You know by now that strings are sequence of characters, where each character has a unique position-id/index. The indexes of a string begin from 0 to (length-1) in forward direction and -1, -2, -3, ...., - length in backward direction.
L2 TRAVERSING A STRING :
You know that individual characters of a string are accessible through the unique index of each character. Using the indexes, you can traverse a string character by character. Traversing refers to iterating through the elements of a string, one character at a time. You have already traversed through strings, through unknowingly, when we talked about sequences along with for loops to traverse through a string, you can write a loop like -
>>> name = "superb"
>>> for ch in name :
print(ch, '-', end = ' ')
The above code will print :
s-u-p-e-r-b-
The information that you have learnt till now is sufficient to create wonderful programs to manipulate strings. Consider the following programs that use the python string indexing to display strings in multiple ways.
L3 STRING OPERATORS :
In this section, you'll be learning to work various operators that can be used to manipulate strings in multiple ways. We'll be talking about basic operators + and *, membership operators in and not in and comparison operators(all relational operators) for strings.
A) BASIC OPERATORS -
The two basic operators of strings are : + and *. you have used these operators as arithmetic operators before for addition and multiplication respectively. But when used with strings, + operator performs concatenation rather than addition and * operator performs replication rather than multiplication. Let us see, how.
Also, before we proceed, recall that strings are immutable i.e., un-modifiable. Thus every time you perform something on a string that changes it, python will internally create a new string rather than modifying the old string in place.
- String Concatenation Operator + -
The + operator creates a new string by joining the two operand strings, e.g.,
"tea" + "pot"
Will result into
"teapot"
For example -
Expression Will result into
'1' + '1' '11'
"a" + "0" 'a0'
'123' + 'abc' '123abc'
Let us see how concatenation takes place internally. Python creates a new string in the memory by storing the individual characters of first string operand followed by the individual characters of second string operand. Original strings are not modified as strings are immutable; new strings can be created but existing cannot be modified.
Caution :
Another important thing that you need to know about + operator is that this operator can work with numbers and strings separately for addition and concatenation respectively, but in the same expression, you cannot combine numbers and strings as operands with a + operator. For example -
2+3 = 5 (addition)
'2'+'3' = 23 (concatenation)
But the expression
'2' + 3 = Traceback Error (invalid)
- String Replication Operator * -
The * operator when used with numbers(i.e., when both operands are numbers), it performs multiplication and returns the product of the two number operands.

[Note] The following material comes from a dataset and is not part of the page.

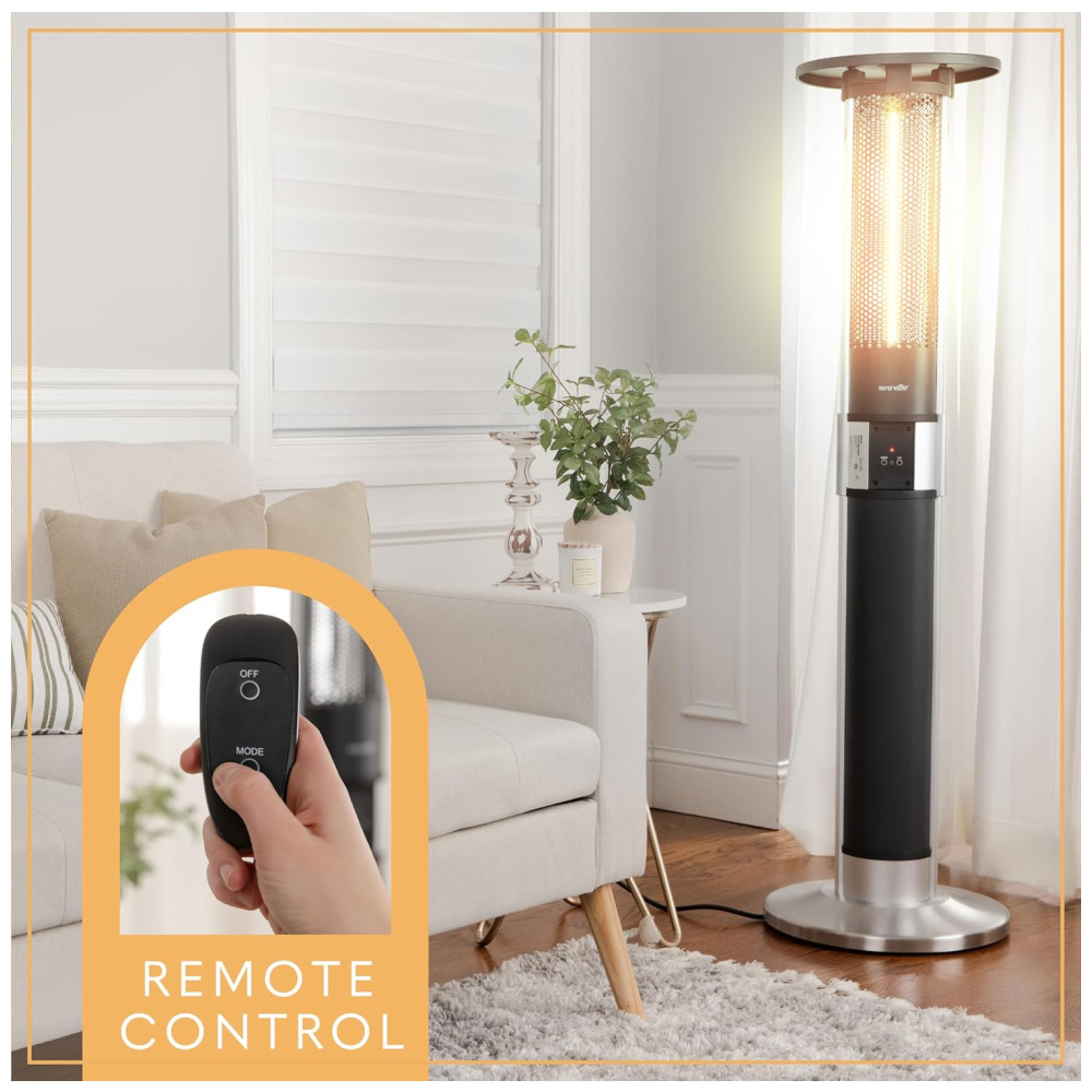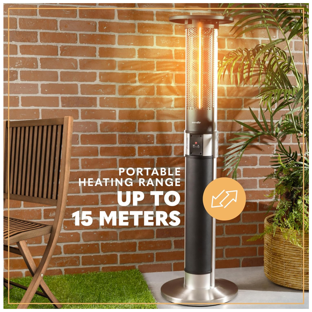 Este aquecedor elétrico de pátio oferece um sistema avançado de aquecimento infravermelho que aquece instantaneamente, semelhante ao sol. Com elementos de aquecimento de fibra de carbono de alta eficiência, ele é capaz de aquecer rapidamente uma área de até 15m2, economizando dinheiro nas contas de energia.

To use a * operator with strings, you need two types of operands - a string and a number, i.e., as number*string or string*number.
Where string operand tells the string to be replicated and number operands tells the number of times, it is to be repeated; python will create a new string that is a number of repetitions of the string operand. For example,
5*"hello/"
It will return : "hello/hello/hello/hello/hello/"
Caution :
Another important thing that you need to know about * operator is that this operator can work with numbers as both operands for multiplication and with a string and a number for replication respectively, but in the same expression, you cannot have strings as both the operands with a * operator. For example -
2*3=6 #valid multiplication
"2"*3="222" #valid replication
but, "2"*"3" #invalid
traceback(most recent call last)
file "<pyshell#0>", line1, in <module>
"2"*"3"
TypeError : can't multiply sequence by non-int of type 'str'
=> working of python * operator :
operand datatype operation of * example
numbers multiplication 9 * 9 = 18
string, number replication "#" * 3 = "###"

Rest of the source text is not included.